Paper No. 6
Presentation Time: 1:30 PM-5:00 PM
DETAILED PETROGRAPHIC AND MICROSTRUCTURAL ANALYSIS OF SHEARED BIOTITE GNEISS WITHIN THE KINNARD CREEK FAULT, JASPER COUNTY, GEORGIA
Detailed geologic mapping and field observations have identified the Kinnard Creek fault within the Inner Piedmont Cat Square terrane of Central Georgia. Previous work interpreted the structure as a southwest-directed, dextral-oblique thrust fault (Davis, 2010). Motion along the fault is correlated with Acadian or Neoacadian deformational pulses (Heubner et al., 2011). Unusual porphyroclastic hornblende, garnet, and feldspar crystals are present in a narrow band within and immediately adjacent to the fault zone.

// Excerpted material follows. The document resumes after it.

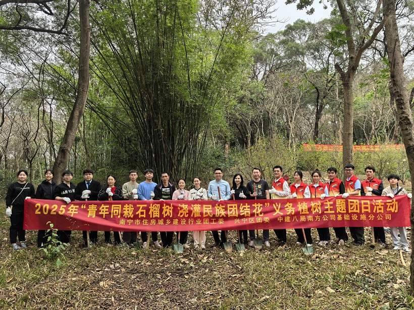 為深入貫徹落實黨的二十屆三中全會精神,提高廣大團員青年愛護自然、保護環(huán)境的意識,2025年3月13日,由共青團南寧市住房城鄉(xiāng)建設(shè)行業(yè)工作委員會和共青團南寧市興寧區(qū)委員會共同主辦,中國建筑第八工程局有限公司南方公司基礎(chǔ)設(shè)施分公司承辦的“青年同栽石榴樹 澆灌民族團結(jié)花”植樹主題團日活動在南寧市獅山公園順利開展。公司團委書記劉媛佳、青年團干覃夏參加了此次活動。

Orthogonal sections, cut either parallel to or perpendicular to the mineral stretching lineation, were prepared in order to examine the structural, textural, spatial, and chemical characteristics of the rocks exposed in the Kinnard Creek Fault in more detail using petrographic and SEM-EDS analytical techniques. Garnet and hornblende porphyroclasts contained abundant inclusions of ilmenite and plagioclase feldspar. While inclusion density within garnet generally increases toward the rim of the crystal; the inclusions are not concordant with the matrix fabrics, indicating that garnet growth was pre-kinematic. Garnet does not appear to be strongly resorbed. Hornblende porphyroclasts also appear to be pre-kinematic; some contain tension cracks that have been filled with biotite, and σ-type recrystallized tails are visible in hand sample and thin-section. Plagioclase crystals commonly exhibit σ-type tails. Biotite, alkali feldspar, muscovite, and quartz are common phases in the matrix; accessory apatite, zircon, and epidote-group minerals are present in the matrix and as inclusions within the hornblende and garnet porphyroclasts. Preliminary chemical characterization found slight increases in Mn content in garnet rims, with elevated Ca and Mg contents in the near-rim. These zoning patterns may correspond to the changes in inclusion density. Combined with microstructural characterization, compositional data can better constrain the evolution and timing of metamorphic conditions before and during shearing within the Kinnard Creek Fault.